インドシナ出兵とは、1858年にフランス・スペイン連合軍がベトナム中部のダナン、当時のトゥーランへ上陸して始めた軍事行動です。フランスによるベトナム侵略の出発点であり、1862年のサイゴン条約、コーチシナ支配、のちのフランス領インドシナ連邦成立へつながりました。
ここで扱うインドシナ出兵は、19世紀半ばのフランスによるベトナム侵攻です。日本が第二次世界大戦中に行った北部仏印進駐・南部仏印進駐とは別の出来事です。
世界史では、宣教師保護を名目に始まった軍事行動が、帝国主義時代の植民地支配へ変わっていく例として重要です。
まず一言でいうと
インドシナ出兵は、フランスがベトナムを植民地化するきっかけになった1858年開始の軍事行動です。
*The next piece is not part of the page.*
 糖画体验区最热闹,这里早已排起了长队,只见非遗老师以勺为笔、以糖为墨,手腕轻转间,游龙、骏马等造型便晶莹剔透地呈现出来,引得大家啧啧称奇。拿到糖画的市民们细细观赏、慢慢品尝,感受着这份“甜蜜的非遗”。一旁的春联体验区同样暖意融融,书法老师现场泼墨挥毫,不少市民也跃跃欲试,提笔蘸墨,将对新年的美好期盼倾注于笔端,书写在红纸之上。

最初は宣教師保護を掲げましたが、結果としてサイゴン占領、サイゴン条約、コーチシナ獲得へ進みました。
| 項目 | 内容 |
|---|---|
| 出来事 | インドシナ出兵、コーチシナ遠征 |
| 開始 | 1858年 |
| 主な当事者 | フランス・スペイン連合軍、ベトナム阮朝 |
| 最初の攻撃地 | ダナン、当時のトゥーラン |
| 重要な転機 | 1859年サイゴン占領、1862年サイゴン条約 |
| 結果 | フランスがコーチシナ支配の足場を得た |
| 世界史上の意味 | フランス領インドシナ形成の出発点 |
インドシナ出兵はいつ・どこで起きたか
インドシナ出兵は、1858年に始まりました。最初の攻撃地はベトナム中部のダナンです。当時の欧文資料ではトゥーランとも呼ばれました。
フランス海軍のリゴー・ド・ジュヌイイが指揮し、フランスとスペインの連合軍が出動しました。スペインが加わった背景には、ベトナムでスペイン系宣教師が処刑されたことがありました。
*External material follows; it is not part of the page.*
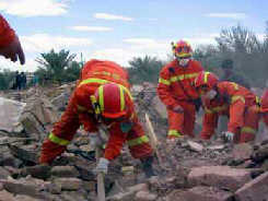 A Chinese rescue team searches for survivors in Bam Sunday. [Xinhua]

しかし、ダナンでの作戦は長期化し、フランス側は短期間でベトナムを屈服させることに失敗しました。その後、作戦の重心は南部のサイゴンへ移ります。
背景
インドシナ出兵の背景には、3つの要素があります。第一に、ナポレオン3世期のフランスが海外進出を強めたことです。第二に、ベトナムでカトリック宣教師への弾圧があり、フランスが宣教師保護を介入の口実にしたことです。第三に、19世紀半ば以後の東南アジアで、イギリス、オランダ、フランスが植民地支配を広げていたことです。
| 背景 | 内容 | 意味 |
|---|---|---|
| ナポレオン3世の外交 | ナポレオン3世は海外での影響力拡大を進めた | フランスの対外威信と植民地拡大に関係 |
| 宣教師保護 | ベトナムでカトリック宣教師への弾圧が問題化 | 軍事介入の名目になった |
| 東南アジアの植民地競争 | イギリス、オランダ、フランスが支配圏を拡大 | インドシナ支配が列強競争の一部になった |
| 中国市場への関心 | メコン川・紅河を通じた中国南部への接近が注目された | ベトナム北部・内陸方面への関心につながった |
同じ時期のアジアでは、アヘン戦争後に清が列強の圧力を受け、東アジア・東南アジアで不平等条約と軍事介入が広がっていました。
原因
直接の原因は、宣教師保護をめぐるフランスの介入でした。ベトナム阮朝は、国内統治と宗教秩序を守るためにキリスト教を警戒し、宣教師や信徒を弾圧しました。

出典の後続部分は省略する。